Last week, America’s new special envoy to Myanmar, Derek Mitchell, wrapped up a five-day visit to the country, during which he spoke to ministers, senior officials and opposition leaders.

He was trying, he said, to determine how “the United States can support and promote democracy, human rights, development and national reconciliation” in Myanmar.

It was all hugely encouraging on many fronts.

Firstly, Mitchell, who is not a career diplomat and was formerly an analyst at Washington’s Centre for Strategic and International Studies, has been given the rank of ambassador.

This is significant because it means the US has effectively resumed proper diplomatic relations with Myanmar.

In 1988, after the violent military takeover following dictator Ne Win’s demise, Washington degraded its ties and replaced its ambassador with a charge d’affaires.

It was a stupid and short-sighted move that was not even replicated by the British, let alone the Australian, French, German or Italian missions in Yangon.

As a result, the Americans lost their access to regime sources and their intelligence on the ground was minimal, as journalists like myself soon discovered.

When trying to suss out what was going on, reporters skipped the US embassy and headed off to see the Australians, Japanese or Singaporeans.

Mitchell now has a golden opportunity to change all that.
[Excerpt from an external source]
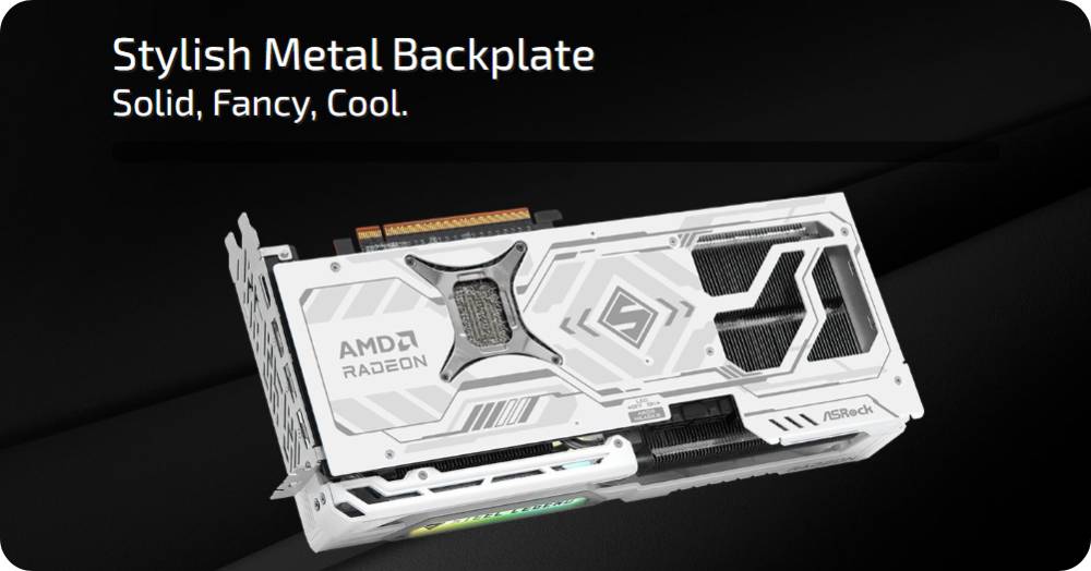 ออกแบบมาเพื่อหลีกเลี่ยงการโค้งงอของ PCB รูปลักษณ์ที่เก๋ไก๋ทำให้การ์ดกราฟิกดูเป็นตำนานยิ่งขึ้น นอกจากนี้ยังช่วยเพิ่มประสิทธิภาพการระบายความร้อนด้วยแผ่นระบายความร้อนคุณภาพสูงที่ติดตั้งไว้ด้านหลัง
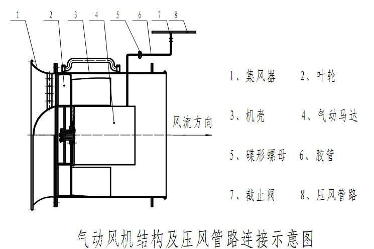抽出式气动风机由井下压气管道中引出的压气通过胶管与气动风机外壳上的气动马达进气口联接后,开启阀门,压气驱动马达转动带动风叶轮旋转,叶轮对空气做功,使空气具有能量后以一定的速度排出风机,由抽出式气动风机专用正负压风筒引导到需要的地方。

He may be non-resident, but he is America’s point man for future dealings with Myanmar and he is top notch.

More importantly, he is open-minded, as I can attest after interviewing him many times during my stint as a bureau chief in Washington.

Perhaps most significantly, he is not a Myanmar specialist – his past focus has been on Chinese and Korean affairs.

So he has not been marinated in the sour double-speak that has passed for Washington’s policy on Myanmar for far too long.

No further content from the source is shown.